• _The problem_:
Beginning with the line containing "ASOS DESIGN –" and ending at the last line of the data, set down every line exactly, leaving out all pictures.

Material provided Block Start

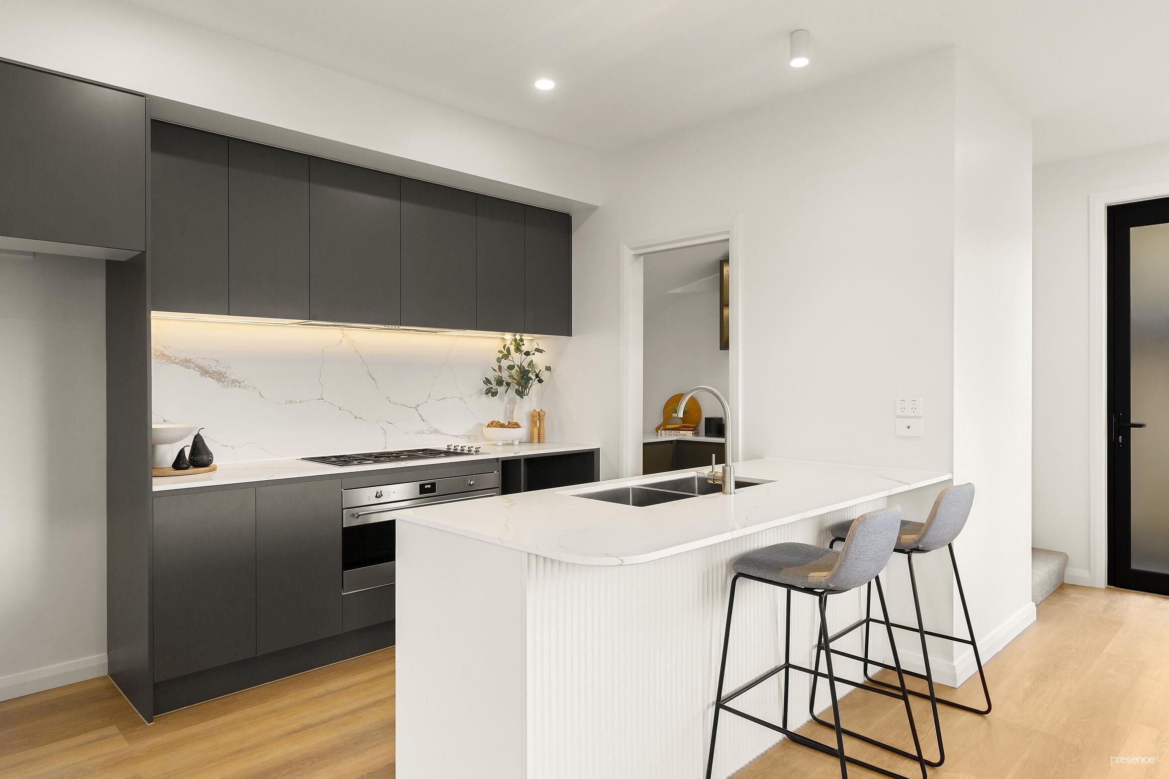 Step inside and be greeted by a sun-soaked open-plan living space that instantly feels like home. Designed for both entertaining and laid-back family life, this seamless layout showcases crisp lines, high-end finishes, and a palpable sense of style. At its heart is a gleaming chef’s kitchen, complete with a sleek butler’s pantry, sumptuous stone benchtops, and a full suite of premium appliances. Whether you’re prepping a midweek dinner or hosting a long lunch, this space makes cooking a delight.
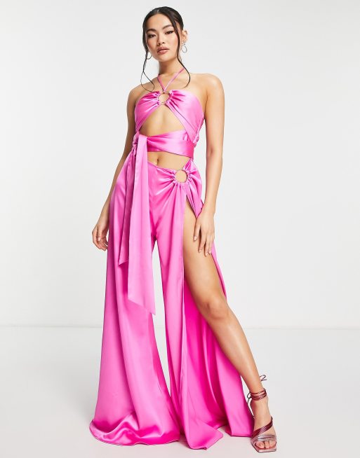 ASOS DESIGN – Rosa jumpsuit i satin med ring, halterneck och utskurna detaljer
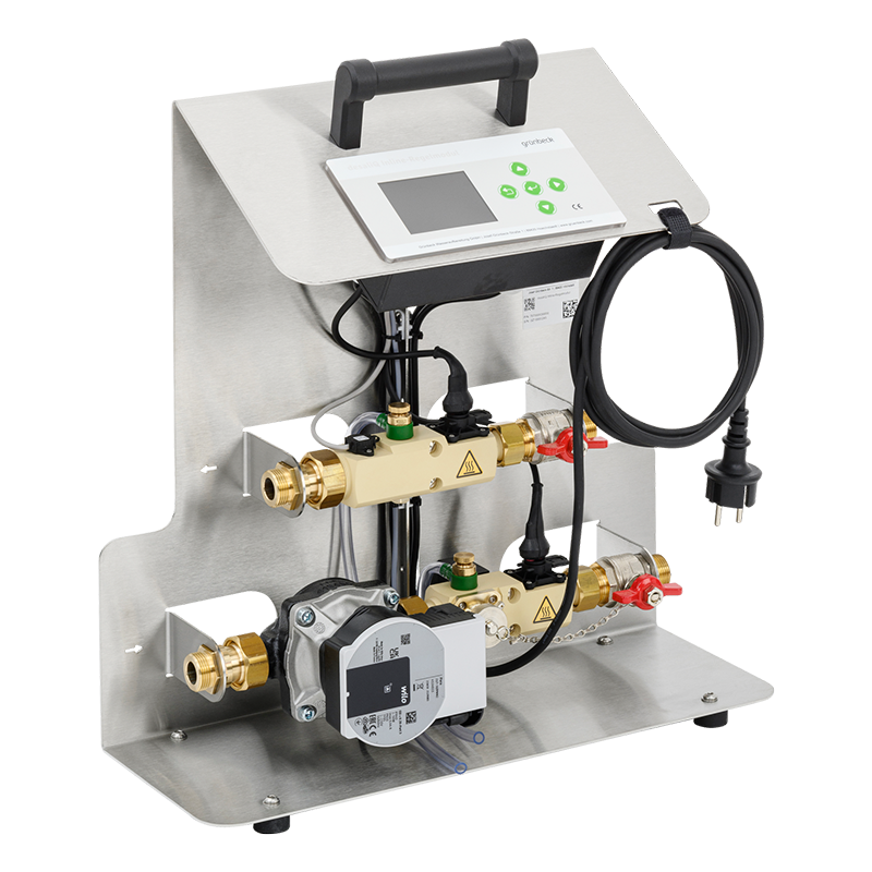 Der ergonomische Tragegriff und das geringe Gesamtgewicht von unter 10 kg ermöglichen einen komfortablen Transport des desaliQ Inline-Regelmoduls an den Einsatzort. Trotz minimalen Gewichts setzt Grünbeck auf maximale Leistung: Mit dem desaliQ Inline-Regelmodul können Anlagen mit einer Wassertemperatur bis zu 80 °C während des laufenden Betriebs aufbereitet werden. Die hohe Umwälzleistung sorgt darüber hinaus dafür, die Aufbereitungsdauer auf ein Minimum zu reduzieren.

Material provided Block End

• _Written answer_:
 ASOS DESIGN – Rosa jumpsuit i satin med ring, halterneck och utskurna detaljer
 Der ergonomische Tragegriff und das geringe Gesamtgewicht von unter 10 kg ermöglichen einen komfortablen Transport des desaliQ Inline-Regelmoduls an den Einsatzort. Trotz minimalen Gewichts setzt Grünbeck auf maximale Leistung: Mit dem desaliQ Inline-Regelmodul können Anlagen mit einer Wassertemperatur bis zu 80 °C während des laufenden Betriebs aufbereitet werden. Die hohe Umwälzleistung sorgt darüber hinaus dafür, die Aufbereitungsdauer auf ein Minimum zu reduzieren.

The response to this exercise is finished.